Top of Data excerpt

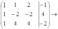 | -2 | 1 | 4 | 4 | из 3-й строки вычитается 1-я, умноженная на 1 |
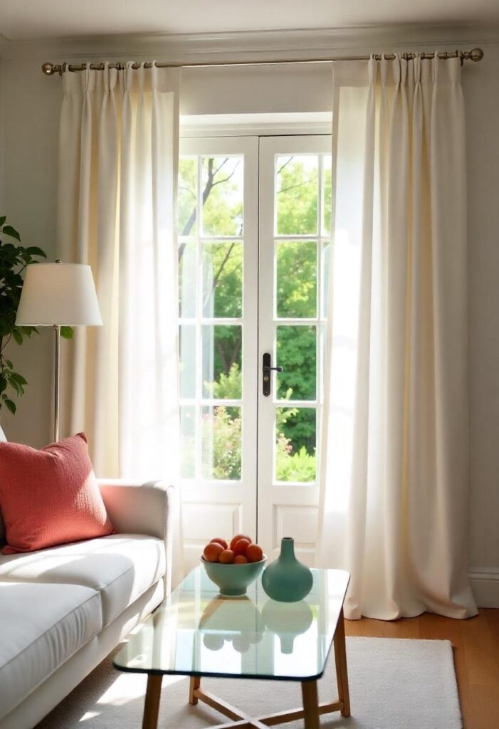 Sheer-lined curtains combine transparency with subtle coverage. The inner layer filters harsh sunlight while maintaining a soft outward appearance. They’re commonly selected for rooms with strong afternoon light. Their design allows layered draping without bulk. The result is a clean, elegant look that handles light with finesse.
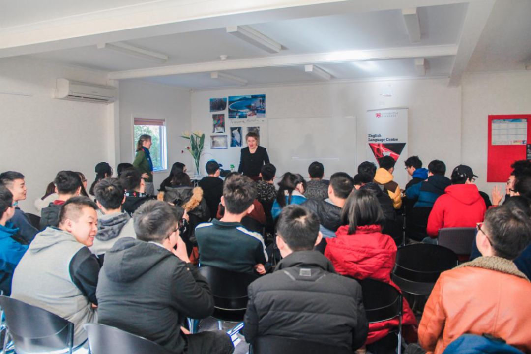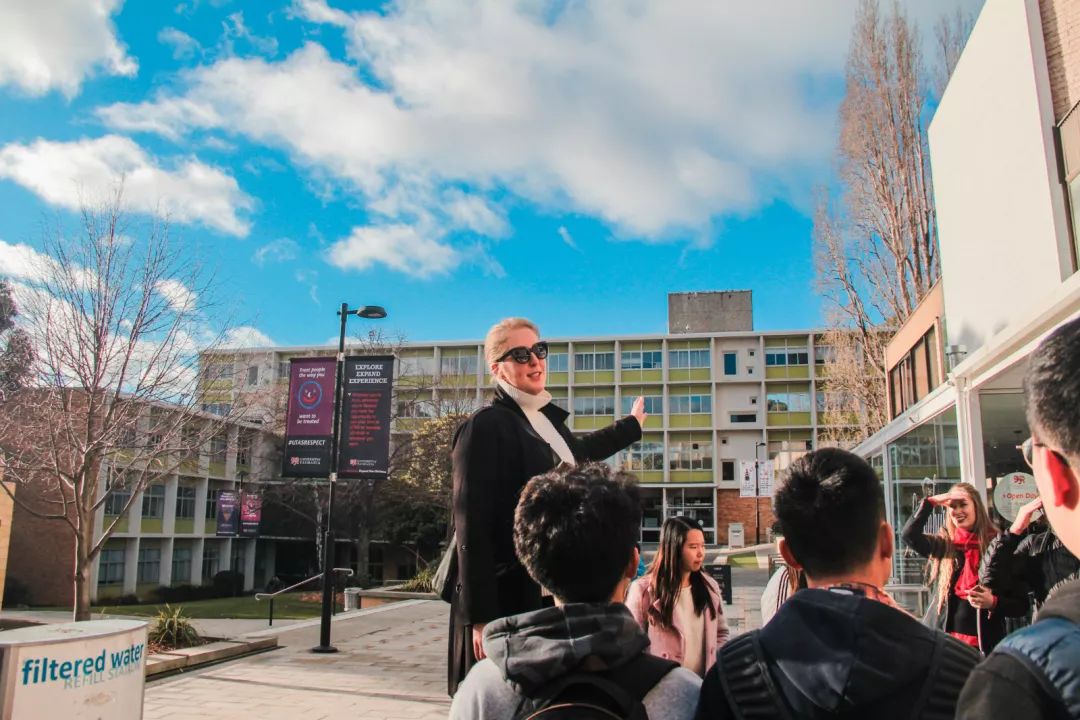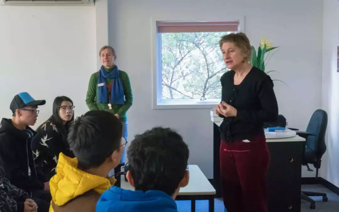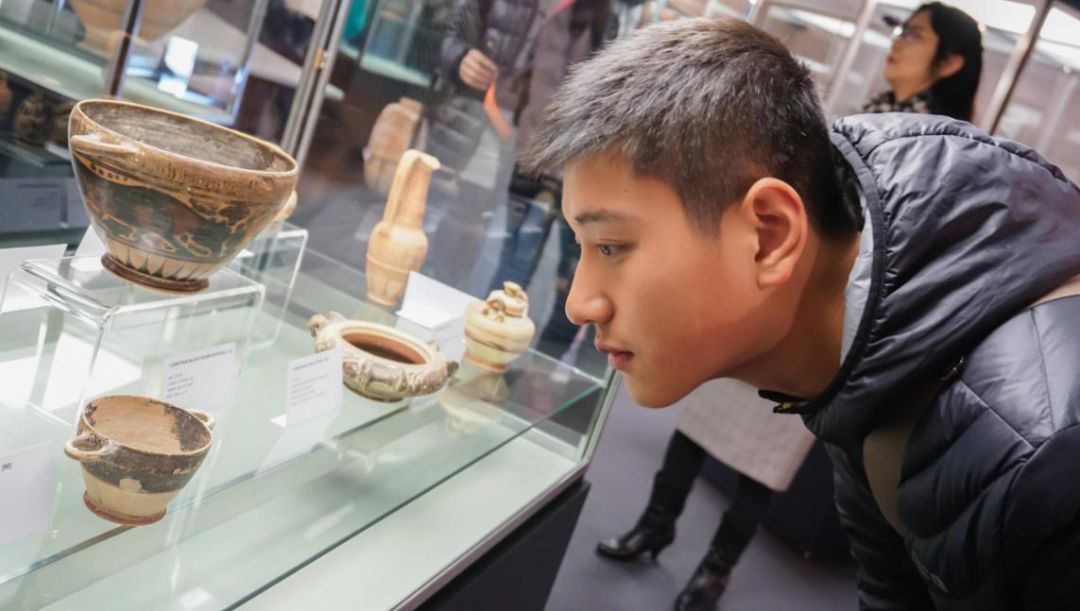 ▲外方老师带领同学们参观塔大博物馆和图书馆
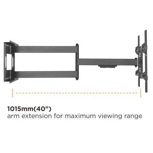 Featuring 1015mm (40")of arm extension and almost limitless swivel capability, the TVB-79 offers maximum viewing range, meeting almost any mounting challenge. Heavy-duty arms provide strong support for larger and heavier TVs up to 50kg (110lbs).TV installation and removal is made easy through a unique quick-release mechanism. Toolless tilting delivers optimal viewing angles. Integrated cable management creates a clean appearance.

Bottom of Data excerpt

→ Problem to solve
Please copy exactly the lines from the one that contains "Sheer-lined curtains combine" through the last line of the listing above, leaving out the pictures.

→ Task solution
 Sheer-lined curtains combine transparency with subtle coverage. The inner layer filters harsh sunlight while maintaining a soft outward appearance. They’re commonly selected for rooms with strong afternoon light. Their design allows layered draping without bulk. The result is a clean, elegant look that handles light with finesse.
 ▲外方老师带领同学们参观塔大博物馆和图书馆
 Featuring 1015mm (40")of arm extension and almost limitless swivel capability, the TVB-79 offers maximum viewing range, meeting almost any mounting challenge. Heavy-duty arms provide strong support for larger and heavier TVs up to 50kg (110lbs).TV installation and removal is made easy through a unique quick-release mechanism. Toolless tilting delivers optimal viewing angles. Integrated cable management creates a clean appearance.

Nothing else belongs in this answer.